Cudotwórczyni. Tak można nazwać panią Zofię - 81 pilankę, która od 10 lat opiekuje się wolno żyjącymi i bezdomnymi kotami, które bez trudu znajdują jej adres. Przychodzą głodne, wychudzone, chore i z licznymi ranami, które odnoszą w skutek kontaktu z psami lub ludźmi, a za jakiś czas stają się pięknymi i w pełni zdrowymi zwierzętami.

- Opiekuję się na przykład kotami, które były kopane i bite przez swoich właścicieli, a na końcu wyrzucane jak zwykłe śmieci. Nie wiem, jak można tak postępować, przecież zwierzęta też czują, tak samo jak my ludzie - mówi pani Zofia.

Za to, że daje schronienie kotom, miała już nie jeden konflikt np. z sąsiadami. Ona nikogo jednak nie prosi o pomoc i nikomu nie szkodzi. Chce pomagać i tyle. I robi to najlepiej jak potrafi, oddając na ten cel miesięcznie jedną trzecią swojej emerytury.
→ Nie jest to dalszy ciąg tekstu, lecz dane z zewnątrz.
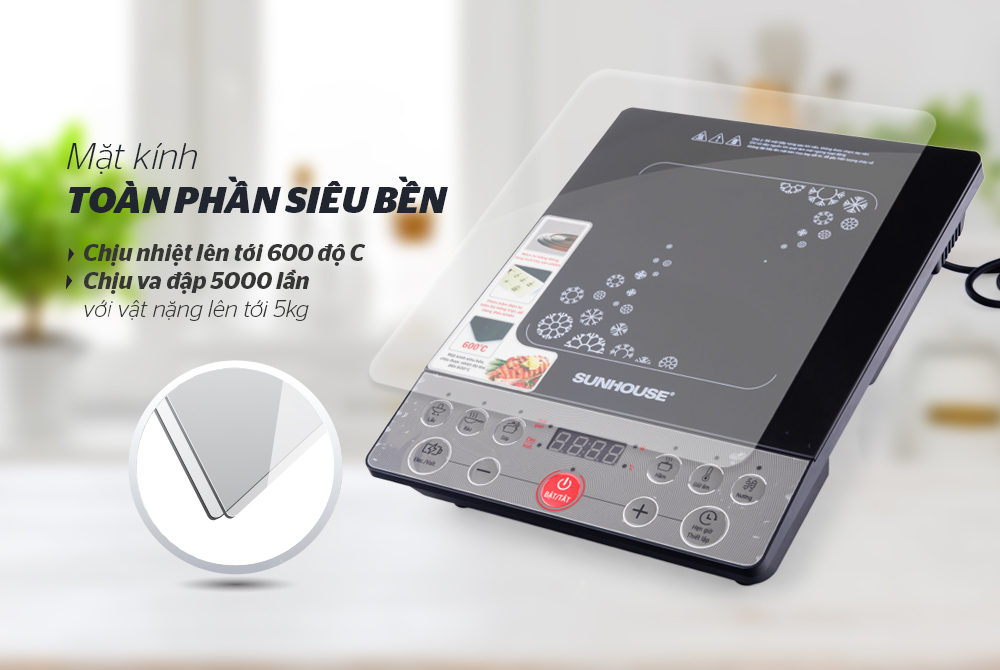 Mặt bếp SUNHOUSE SHD6152 phủ kính toàn phần, dễ dàng làm sạch, chống trầy xước. Đặc biệt, mặt bếp có khả năng chịu được nhiệt độ lên đến 600 độ C, chịu va đập 5000 lần với vật nặng 5kg* - hạn chế nứt vỡ, giúp bạn yên tâm nấu nướng.
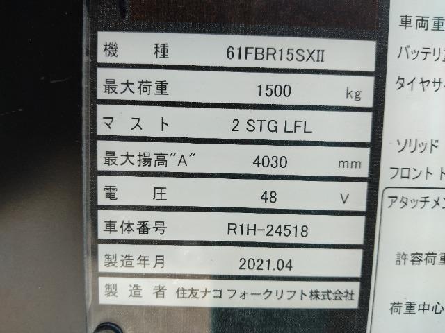 Xe nâng điện cũ đứng lái 1.5T, Sumitomo 61FBR15SXII, hàng đã qua sử dụng (Nhật Bản)

- Nie mam dużo, bo 1700 złotych, z czego około 500 złotych przeznaczam na jedzenie i leki dla kotów - mówi kobieta.

Obecnie pani Zofia ma pod opieką osiem kotów. Sześć umieściła w specjalnym domku w ogródku klasztornym u Kapucynów, a dwa ma w mieszkaniu. Są do Rudi i Bury. Niestety, w listopadzie stało się coś strasznego. Rudi - kocurek o rudej i puszystej sierści, doznał poważnego w skutkach wypadku. Został potrącony na przejściu dla pieszych.

- Rudi jest jak pies - wierny i oddany, zawsze przy nodze swojego właściciela. Ciągle pilnuje drzwi w mieszkaniu i nie powala mi samej wychodzić na zakupy. Zawsze musi iść ze mną - opowiada zakochana w swoim pupilu kobieta.

Tak było w dniu wypadku. Niestety, kot nie zdążył zejść z przejścia dla pieszych, gdyż - jak mówi pani Zofia - został potrącony przez poruszające się z nadmierną prędkością auto.

- Rozległ się straszny huk, ale kierowca odjechał jakby nic się nie stało... Kot bardzo cierpiał. Jak się okazało miał wieloodłamowe złamanie kości udowej i musiał przejść trwającą półtorej godziny operację. Ta kosztowała 630 zł.
- To zapewne niewysoka cena za tak skomplikowaną operację, tylko moja emerytura jest zbyt niska, żeby za nią zapłacić - ubolewa kobieta.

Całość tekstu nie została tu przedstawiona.